Expand description

bech32m secret share backup scheme Backup scheme for Shamir Secret Shares

§Description

Based on https://bips.xyz/93

§Backup format (bech32 chars)

human readable: “frost” // (4) separator: “1” // (1) threshold: [u5; 2], // (2) identifier: [u5; 4], // (4) secret_share: [u5; 52], // (52) share_index: u5 or [u5; 52], // (1 or 52) checksum: [u5; 6], // (6)

The total length of the backup is 71 characters if using ‘small’ share indicies (1, 2, …, 32), or bech32m characters if using general scalars for participant indicies.

§Rationale

§Human Readable - (4 bech32 characters)

frost looks cool. Most of the time we will be using this backup scheme for FROST related shamir secret shares.

§Threshold - (2)

A threshold integer between 1 and 1024. Note: a threshold of zero is considered invalid. The threshold is encoded as the value minus one so that 0 cannot be represented which is not a valid threshold.

§Polynomial Identifier - (4)

The first 4 bech32 characters from the SHA256 hash of the polynomial coefficients. This identifier allows determination of secret share compatibility.

It is possible to have two different polynomials that interpolate the same joint-secret, but shares on these different polynomials will not be compatible with one another.

The probability of two polynomials having the same identifier is 1/32^4, about one in a million.

§Secret Share - (52)

A secret share scalar is fixed length scalar of 32 bytes. This is 32 * 8 / 5 = 51.2 -> 52 bech32 characters

§Share Index - (1 or 52)

Can be any scalar, but will often be a small integer for simplicity and smaller backups.

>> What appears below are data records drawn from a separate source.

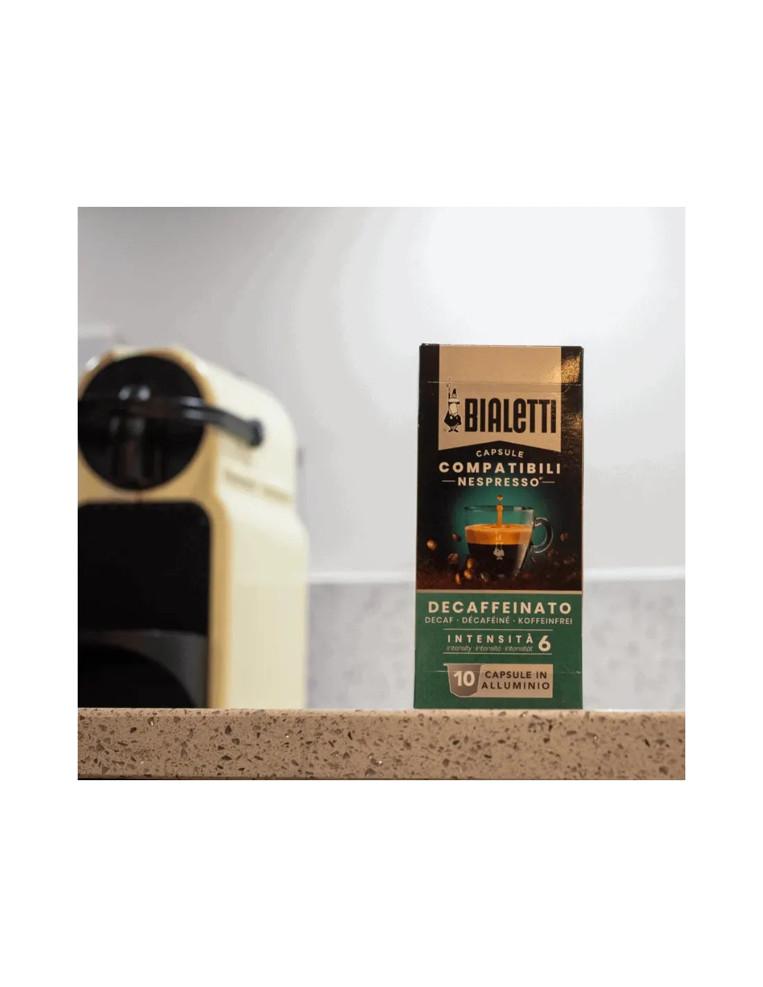 Bialetti Nespresso® Decaf capsules - Italian coffee without compromise! It delivers the rich taste of a true Italian espresso with subtle cereal notes, all without caffeine. Thanks to dark roasting, the coffee retains its intensity and full aroma, so you can enjoy the perfect cup any time of day.
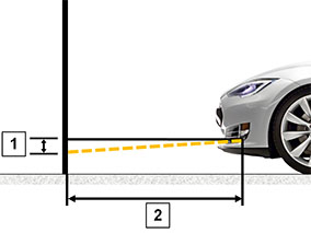 Model S and Model X fog lights source luminous flux is less than 2000 lumens. For this reason the aim must be -1% (-0.57 degrees) or less. Use the Headlight Tester, Beissbarth, Model 815 (1133367-00-A) or a wall or aim board following these guidelines:
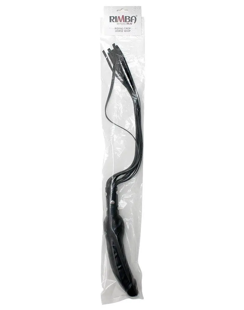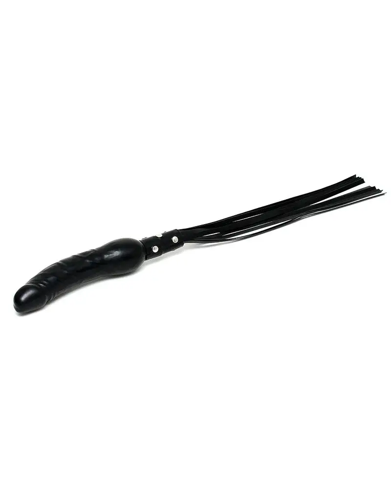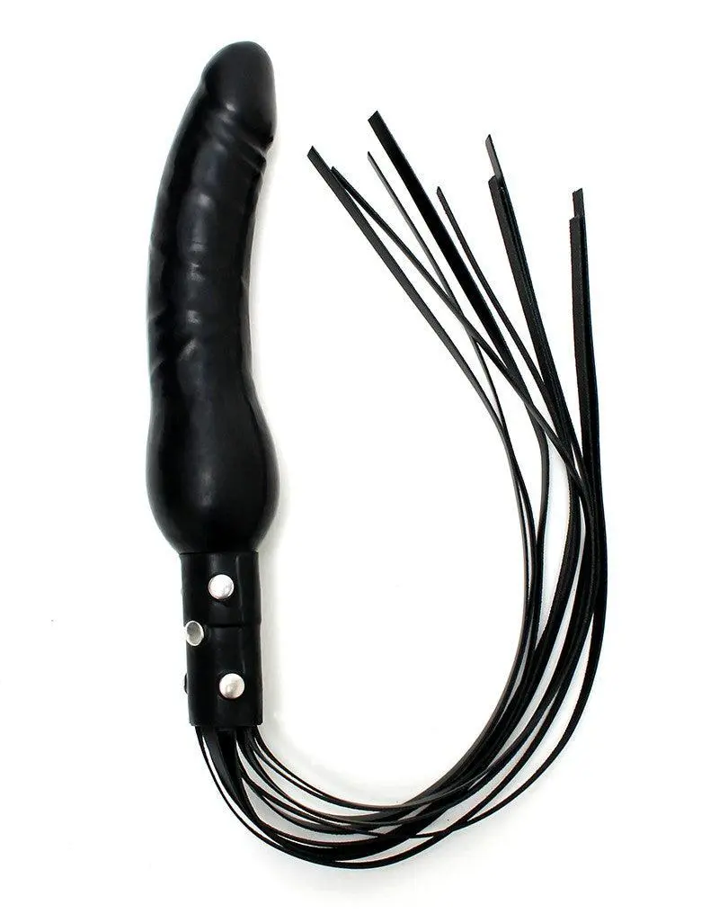 Deze zwarte latex dildo kan tegelijkertijd als zweep gebruikt worden. De dildo heeft zilverkleurige details en de zweep bestaat uit verschillende leren strengen.
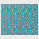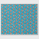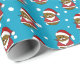 Upprepa mönster av en glad julpotatis i tomteluva och dräkt och med vit mustasch och skägg. Blå bakgrund med massor av vita snöflingor.
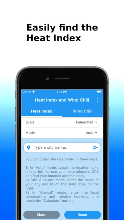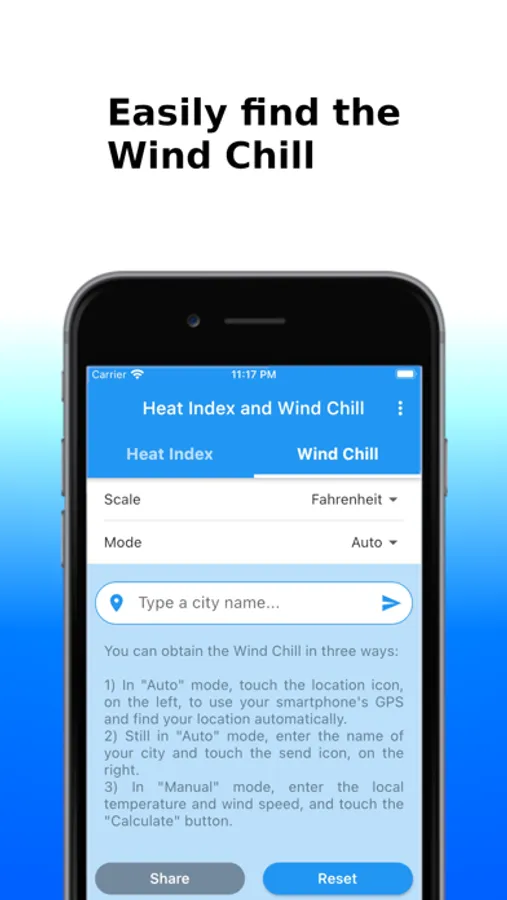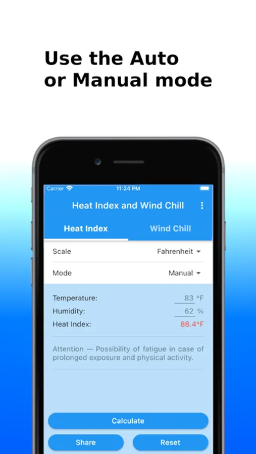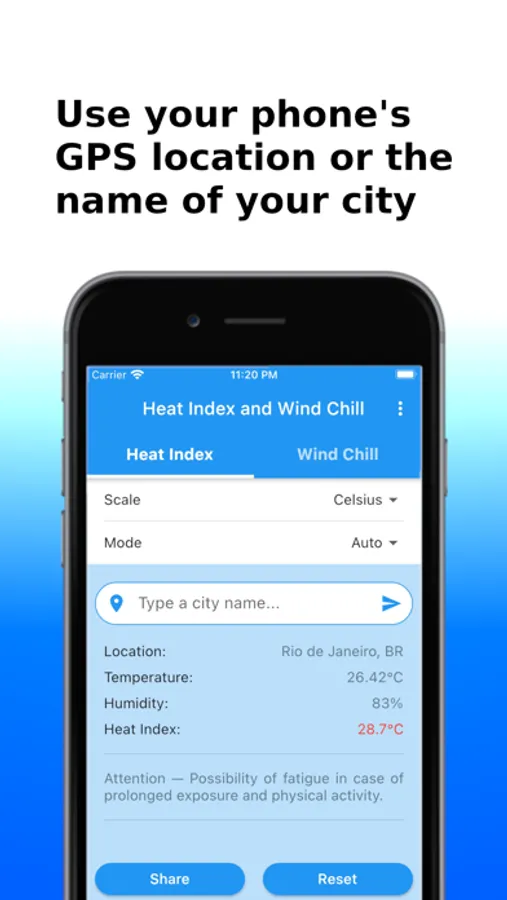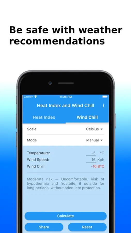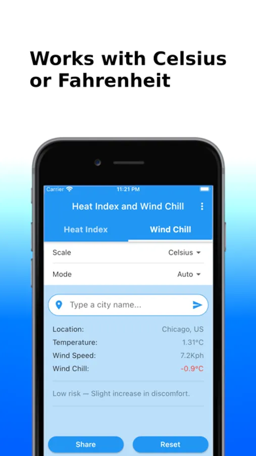 You can obtain the Heat Index and the Wind Chill in Celsius or Fahrenheit, and share the results by SMS, e-mail, WhatsApp, etc.
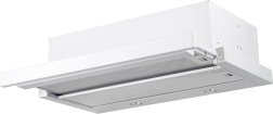 Deze telescopische afzuigkap in het wit gaat naadloos op in het keukenontwerp en bespaart ruimte dankzij de onderbouwmontage. De uitschuifbare kap vergroot het actieve zuigoppervlak precies wanneer u kookt en schuift u na afloop eenvoudig weer in.
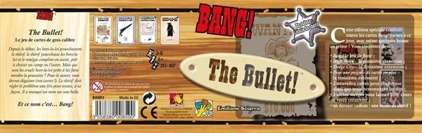 La Bullet contient Bang! le jeu de base, les extensions High Noon, Dodge City et Pour une poignée de cartes en plus, 2 nouvelles cartes pour High Noon et trois personnages inédits, une étoile de shérif, un livret de règles.
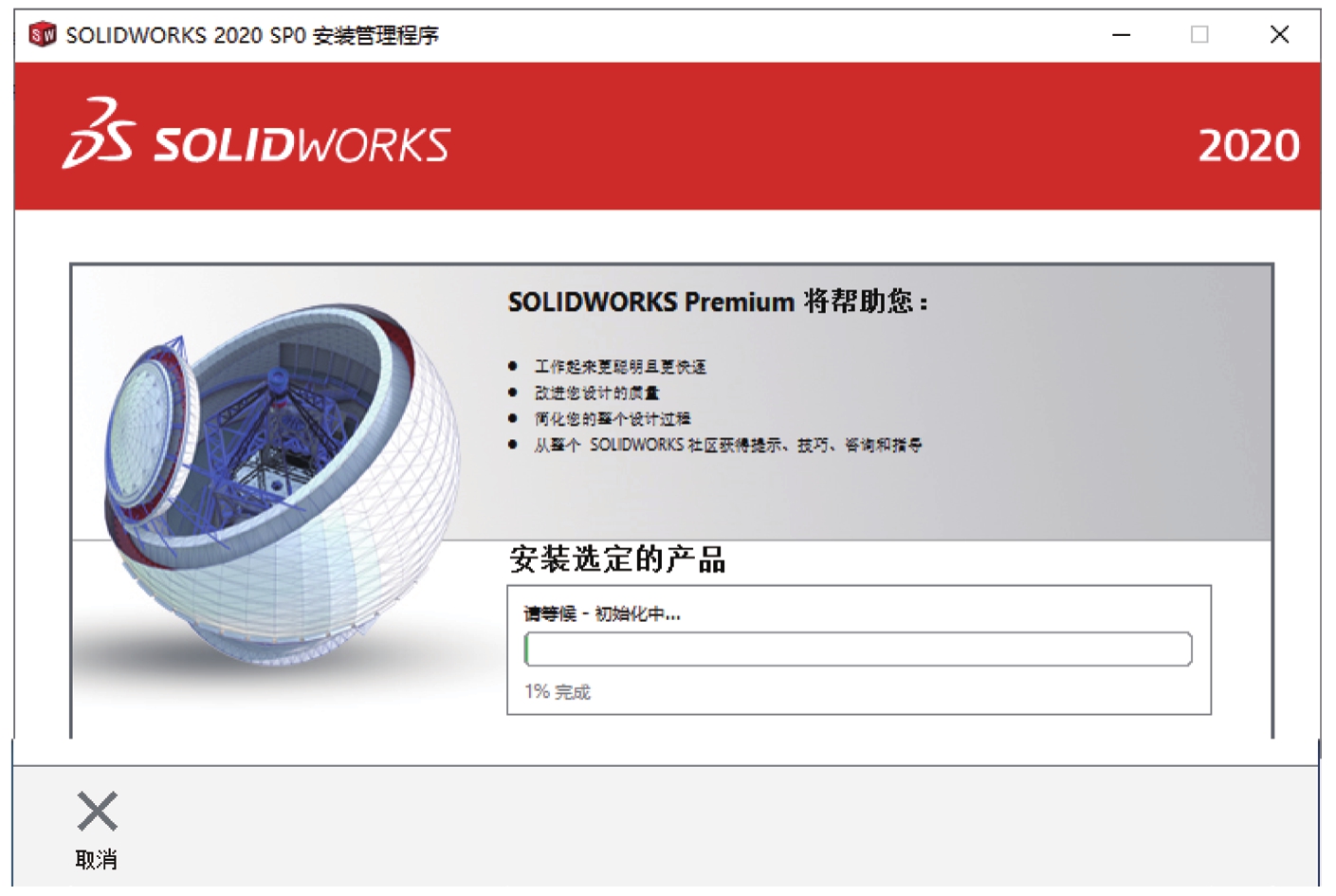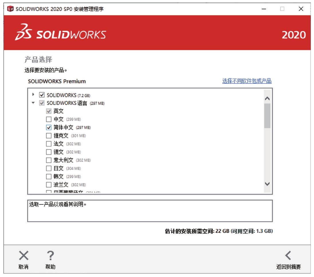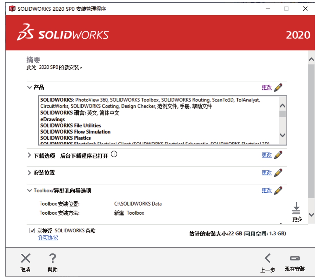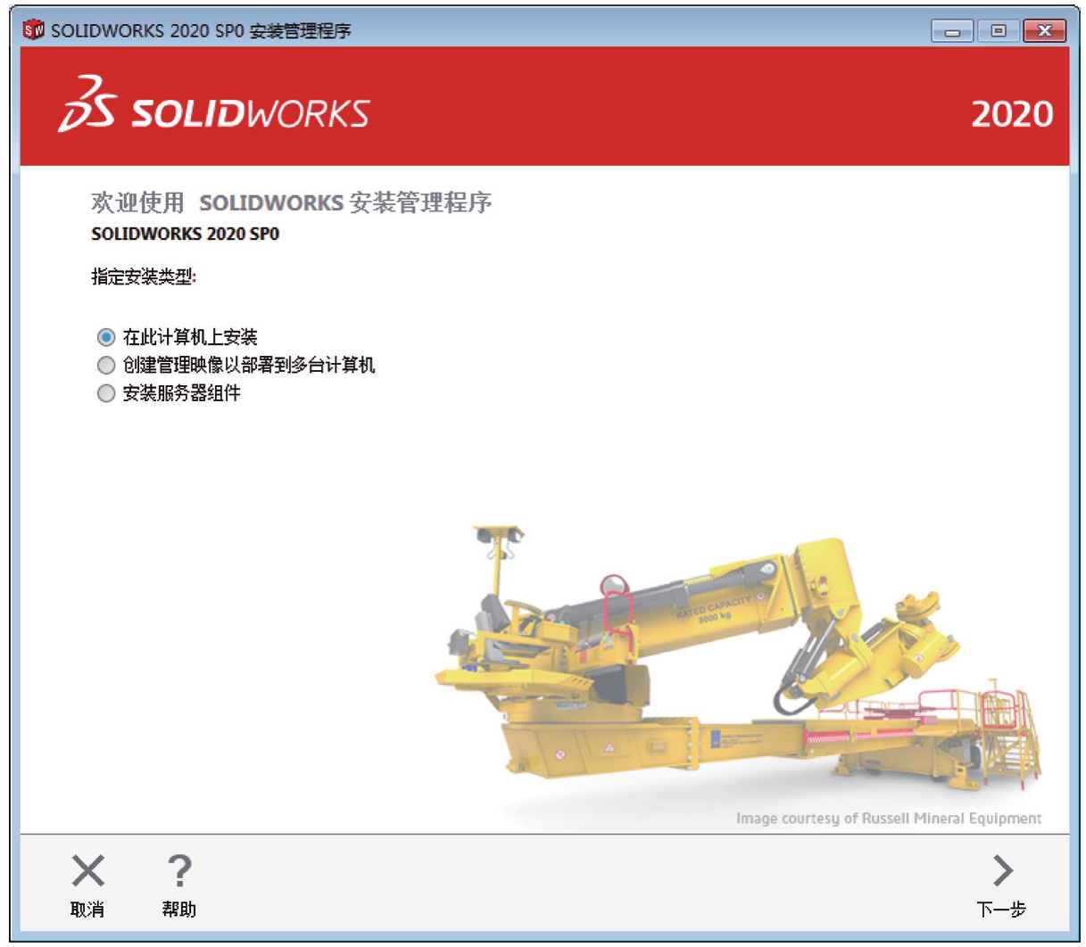 步骤2 在图1.1所示的SolidWorks 2020 SP0安装管理程序对话框中单击“下一步”按钮,系统弹出如图1.3所示的对话框。
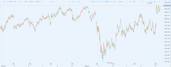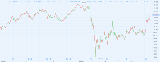 2019-2020年Booking Holdings(上)和万豪酒店(下)股价走势图
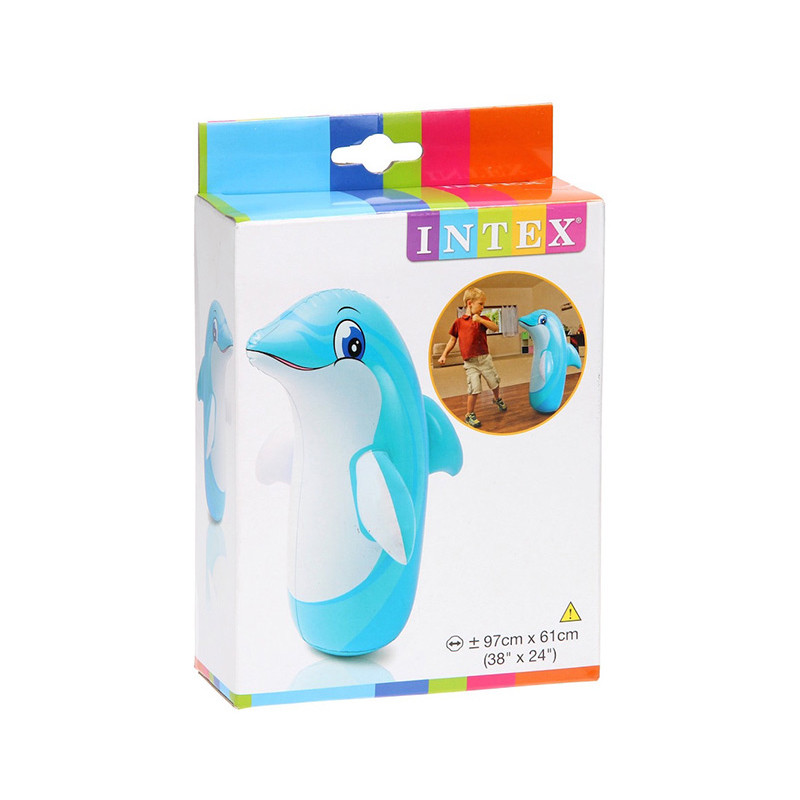 کیسه بوکس طرح دلفین اینتکس برای کودکان بالای سه سال طراحی شده و به شکل یک دلفین آبی رنگ زیبا است که ساعت ها این بوکسورهای کوچک را به بازی سرگرم می‌کند. جنس بدنه کیسه بوکس از PVC (وینیل) که ضد حساسیت و کاملا بهداشتی است و سلامت کودک دلبند شما را تهدید نمی‌کند. این کیسه بوکس‌ها برای بچه‌های فعال مناسب بوده تا با مشت های بی امان انرژی خود را تخلیه کنند. انتهای کیسه بوکس بادی یک مخزن جهت ریختن آب تعبیه شده تا با زدن هر ضربه به آن کیسه نیفتد و به حالت ایستاده برگردد(قبل از باد کردن کیسه ابتدا مخزن آب را پر کنید). برای بادکردن کیسه روی بدنه آنها یک دریچه پستونکی کوچک هست که براحتی می‌شود آن را باد کرد و همچنین دارای سوپاپ برگشت هوا می‌باشد که از خارج شدن هوا جلوگیری می‌کند. در بسته بندی این محصول 2 دستکش مخصوص و همچنین یک عدد برچسب تعمیرات کاغذی همراه این محصول بوده که در صورت سوراخ شدن یا پارگی از این برچسب برای تعمیر و پنچرگیری می‌توانید استفاده کنید.
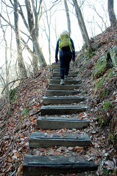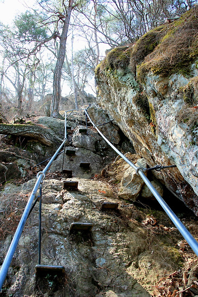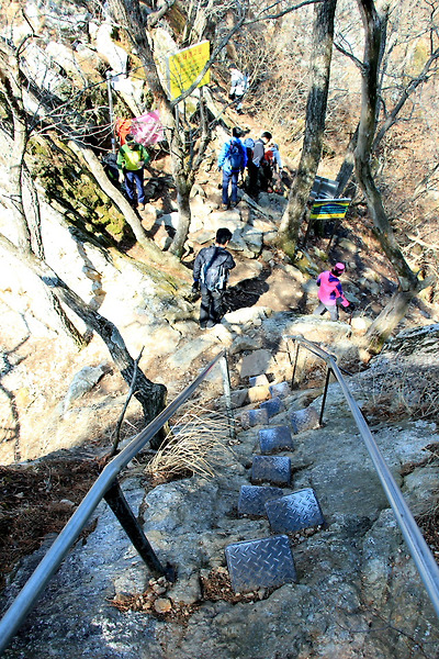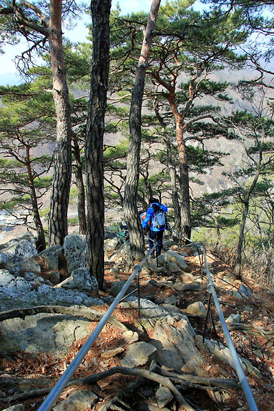 8봉에서의 하산길이 가파르고 줄곧 발 디딤판이 있다.
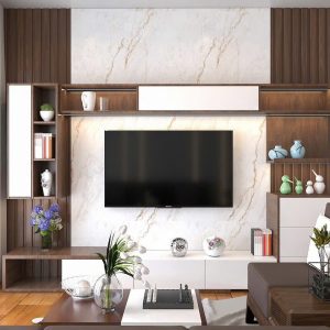 Phòng Khách Gỗ Óc Chó Tối Màu & Đá Vân Mây Tối Giản
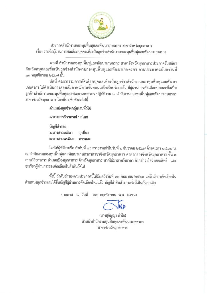 คณะกรรมการคัดเลือกบุคคลเพื่อเป็นลูกจ้างสำนักงานกองทุนฟื้นฟูและพัฒนาเกษตรกร ได้ดำเนินการสอบสัมภาษณ์ตามขั้นตอนเสร็จเรียบร้อยแล้ว มีผู้ผ่านการคัดเลือกบุคคลเพื่อเป็นลูกจ้างสำนักงานกองทุนฟื้นฟูและพัฒนาเกษตรกร ปฏิบัติงาน ณ สำนักงานกองทุนฟื้นฟูและพัฒนาเกษตรกรสาขาจังหวัดมุกดาหาร โดยให้ผู้ที่มีรายชื่อ ลำดับที่ 1 มารายงานตัวในวันที่ 2 ธันวาคม 2567 ตั้งแต่เวลา 08.30 น. ณ สำนักงานกองทุนฟื้นฟูและพัฒนาเกษตรกรสาขาจังหวัดมุกดาหาร ศาลากลางจังหวัดมุกดาหาร ชั้น 3 ถนนวิวิธสุรการ อำเภอเมืองมุกดาหาร จังหวัดมุกดาหาร หากไม่มาตามวันเวลา ดังกล่าว ถือว่าสละสิทธิ์ และ จะเรียกผู้ผ่านการสอบคัดเลือกในลำดับถัดไป
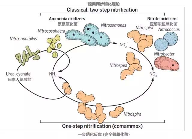 這個理論最先是由俄國微生物界傳奇維諾格拉斯基 (Sergei Winogradsky)早在19世紀末成功展示,他分離出了負責這兩步硝化的微生物,也就是所謂的AOB(ammonia oxidizing bacteria)NOB(nitrite oxidizing bacteria)。但這個超過100年歷史的教條在2015年圣誕節前被英國明星科學雜志《自然》上的兩篇同日發表的題目雷同的文章和隨后一篇在美國微生物學會的文章終結了。三個科學團隊發現了三種不同的培養[1,2]和一種非培養細菌[3]能夠各自進行從氨氮到硝態氮的完全硝化過程。
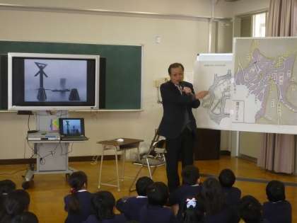 2月4日(水)3時限目、3年生は地域に住んでおられる野畑一雄さんから豊里南地域の昔の様子についてお話を聞きました。縄文時代の昔から昭和の時代にかけての豊里南地域の地形、淀川の様子、くらしぶり、子どもの遊び、学校生活の様子などについて地図や写真を使って説明していただきました。子ども達は質問をたくさんしていました。地域の昔の様子がよくわかりました。本当にありがとうございました。
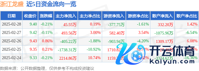 本站音问,适度2025年2月28日收盘,浙江龙盛(600352)报收于9.4元,下落0.21%,换手率0.76%,成交量24.71万手,成交额2.34亿元。
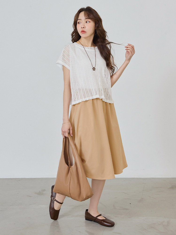 Two-Piece Hollow-Out Midi Dress (2XL~3XL)
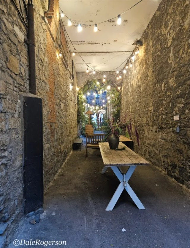 The wedding planner surveyed the abandoned passageway with satisfaction. Tiny sparkling Christmas lights would transform these weathered brick walls into something enchanting. The reclaimed wood table stood ready, its X-frame legs steady on concrete that had known decades of neglect.
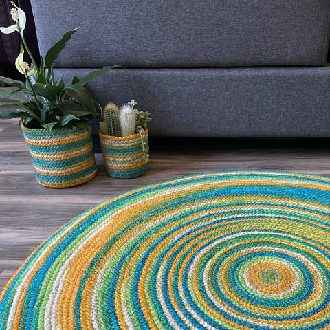 Lovingly handcrafted by skilled artisans, each rug is a unique expression of tradition and responsible craftsmanship. The tightly braided construction ensures lasting durability, while the circular design brings texture and personality to any room—be it a living room, bedroom, or entryway. Made from vegan, biodegradable materials, this rug is a versatile and planet-friendly choice for those who appreciate both elegance and sustainability.
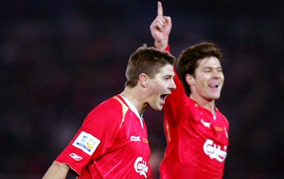 סטיבן ג'רארד וצ'אבי אלונסו. ליברפול בונה על תואר שני (רויטרס)
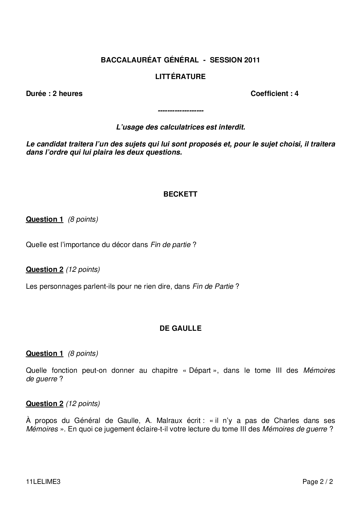 Bac L Littérature Métropole 2011 (Session de remplacement) - Sujet

By leaving this data piece at the end, we can use the length of the remaining data to easily decode either a single bech32 char into integer, or 52 chars into a 32 byte scalar.

Structs§

Enums§

Functions§

  • Decode a bech32m secret share backup
  • Create an identifier that’s used to determine compatibility of shamir secret shares. The first 4 bech32 chars from a hash of the polynomial coefficients. Collision expected once in (32)^4 = 2^20.